Wednesday, 1 May 2013

Communal blues

When it came to pick the colour of the new fence at my unit complex, the jury was well and truly out.

Heritage Green?   Eggplant?   Mock Redwood?  

My fellow owners and I were in gridlock over what colour the new fence would be.

Had we been in the northwest Moroccan town of Chefchaouen, the choice would have been much easier.

Blue?  Or white?

Chefchaouen of Morocco
This simple colour palette has been used on almost every building in the old town, which cascades down a hillside in the Rif Mountains.

Chefchaouen proves you can never be too blue
Forget colour trends and fads.   Forget the colour wheel.   This town chose its true colours generations ago and they've stuck.

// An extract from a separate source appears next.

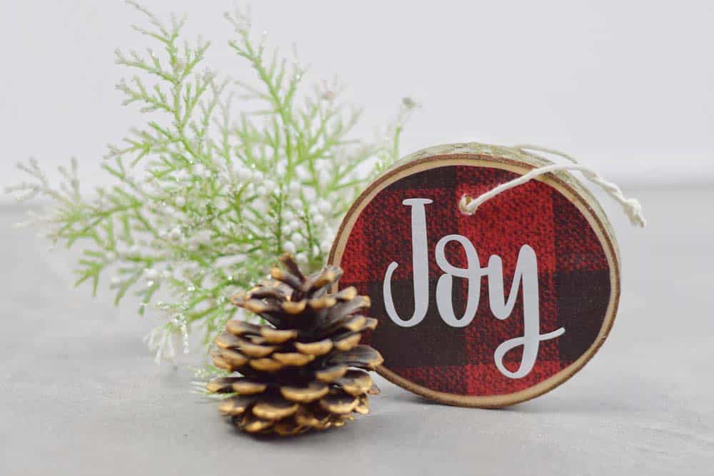 Easy JOY Wood Slice Christmas Ornament with Cricut

I doubt the local hardware store even bothers to stock any other colour.  After all, there doesn't seem to be too much demand for Avocado or Caribbean Green around these parts.

The network of narrow white and blue streets easily transform into a maze

The rhythm of daily life seems to be set by the local children; they scurry to school in the morning, rush home for lunch, and then turn the streets into sports fields and playgrounds when school ends.

Unlike me, they have no trouble navigating their way through the narrow, maze-like streets around the central kasbah.

Just remember: you're staying in the white house with the blue door
With many homes looking identical, it can't be that unusual for children to accidentally end up at the wrong house inhabited by another family.  

But there's seems to be such a feeling of community here in the medina that you could also imagine that same family taking in that lost child for a few nights until they eventually found their way back home.

View of Chefchaouen

Waking up in Chefchaouen, you could be forgiven for thinking you've arrived on a Greek island.

But this isn't a town which is pretending to be something it is not; the Mediterranean influence here extends well beyond the colour scheme.

Blue doesn't have to mean boring
Originally founded in 1471, the town was once was part of Spanish Morocco and it's not unusual to hear the locals speak Spanish, rather than French like their southern Morocco counterparts.

But step into one of the many shops and restaurants in the medina, and it's 100% Morocco all the way.  

Like everywhere else in the country, tagines, kebabs and couscous rule the menu.   But the locals are most proud of their goats cheese... oh and cannabis.  

Yes, it seems the region is one of the main cannabis-producing regions of Morocco.  

This probably explains the presence of the bohemian backpacker crowd lounging happily around the al fresco cafes.

It also probably explains the incoherent conversation I had with a New Zealander by the hotel swimming pool who seemed unsure of not only where she was, but also how she came to be here and for how long she would stay.   She may still be there, though she probably wouldn't know it.

The many hues of blue in Chefchaouen
Chefchaouen isn't "undiscovered" by international tourists.  But it's tight patchwork of white and blue buildings makes you fleetingly feel as though maybe you are the first person to stumble down this particular street or marvel at this intricate azure doorway.

Local gents gather for a morning chat outside Chefchaouen's kasbah 
And full credit to a town that not only managed to pick a single colour scheme, but ensured everyone stuck with it... for generations.

Back home, we've gone with Heritage Green on our fence, but there is dissent brewing.   Eggplant threatens to make a comeback at any stage.